4. Better New than Old
Moving out of your parents’ house comes with many new changes and experiences. And although it may be hard accepting the fact that you are now on your way to a more self-sustaining lifestyle, the worst thing you can do is shoot yourself in the foot but hauling along all of your old furniture. Maybe the idea of paying your own rent is frightening, and you feel the need to drag along the mattress you’ve had since middle school, but resist the urge! It is so much better to come into a new home with a fresh start and best of all new furniture - complete with your own taste when decorating. Beyond that, many of the items we owned as children are simply not practical as young adults. A great example of this is a twin bed. If you’re moving in with your girlfriend or boyfriend a twin bed is out of the question and even if your parents beg you to take it with you, I implore you to leave it in their house.
5. Bring Your Parents to Your New Place
No matter what kind of relationship you have with your parents, it can’t be easy for them to see their child finally leave the nest. Often times this can result in them nagging you, trying to convince you to stay, and even sabotaging your chances of moving out.
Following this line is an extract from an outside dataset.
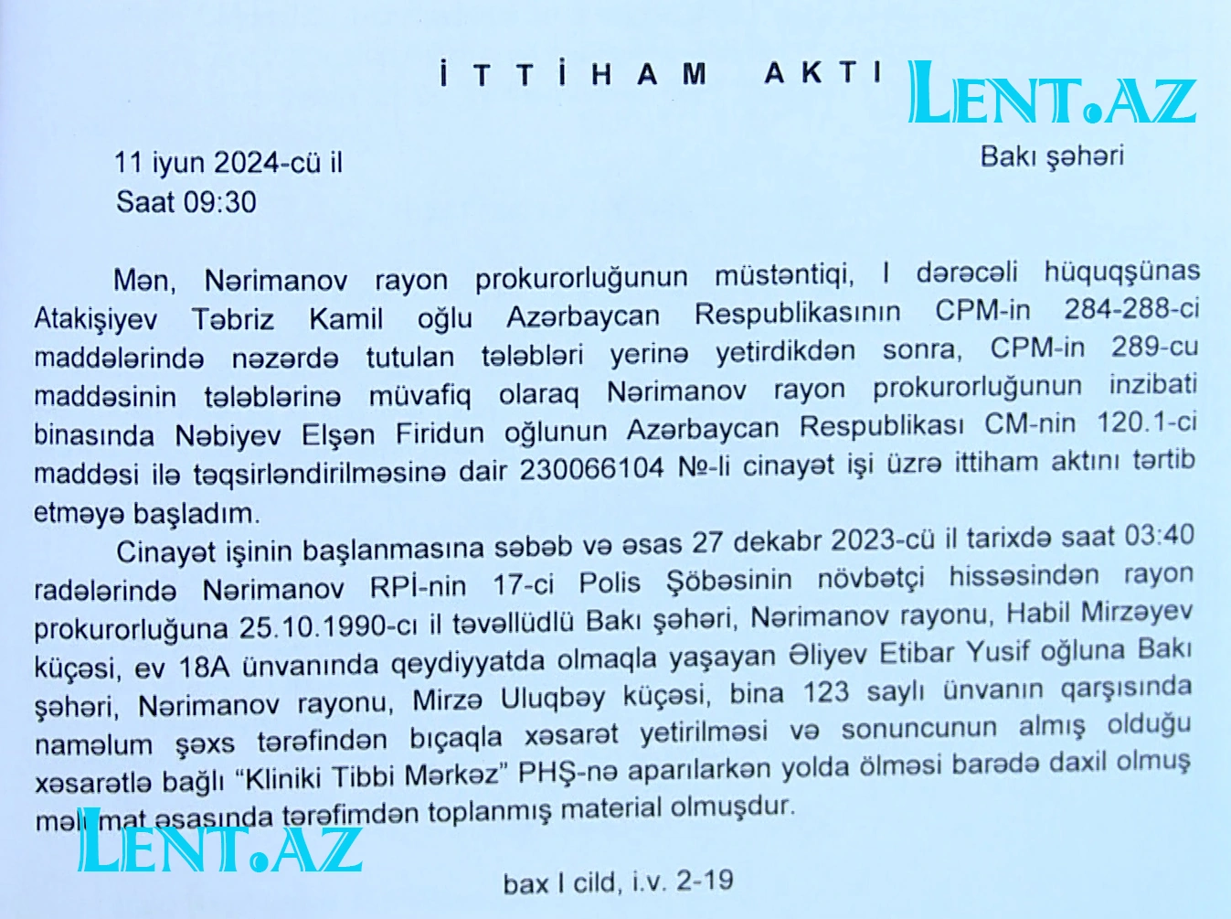 Lent.az qətl hadisəsinin istintaq materiallarını əldə edib.

The best way to avoid all of these things when moving out of your parents’ house is to make them feel as comfortable as possible about this transition. Many people do not do well with change, and after all it really isn’t easy accepting the fact that you won’t be living under their roof anymore. In order to ensure that your parents support this move as much as you do, make an effort to include them in many decisions as possible. Maybe plan a weekly dinner together or at least schedule a time when they can come over and see the new place after you’re all settled in.
6. Keep Things There
Depending on where you end up after moving out of your parents’ house, it may be a great option to keep some things that you don’t need right away at their house. I know when I moved out my mother encouraged me to leave whatever I didn’t need right away in her basement. This can be a really useful strategy if you plan to move out over a long period of time or if you are really against paying for some storage space. I’m sure this won’t be the last time you ever see your parents’ house, and no matter how far away you go you can always come back there to retrieve whatever you left behind. Leaving some items at your parents’ house might also help them become more adjusted to the idea that you won’t be living there anymore, but they know you’ll be back.
7. Thomas Wolfe Was Wrong
Thomas Wolfe published a classic novel in 1940 entitled "You Can’t Go Home Again," and although he was a talented writer, he was so very wrong in that statement. Despite popular belief, parents’ who have children know from the get-go that they are in it for the long haul. And if you are lucky enough to have parents who love you unconditionally, you will realize that you CAN always come back home. In fact many women I know who live on their own for some years, opt to move back home later in life to save money, avoid being lonely, or just to take advantage of free and loving babysitters for their children! So remember moving out of your parents’ house can sometimes be traumatic and stressful, but it is usually never permanent.
Everyone has a story about moving out of their parents’ house! Can you think of any really helpful tips that I missed? Have you ever had a smooth or stressful moving experience? Would you do anything differently looking back?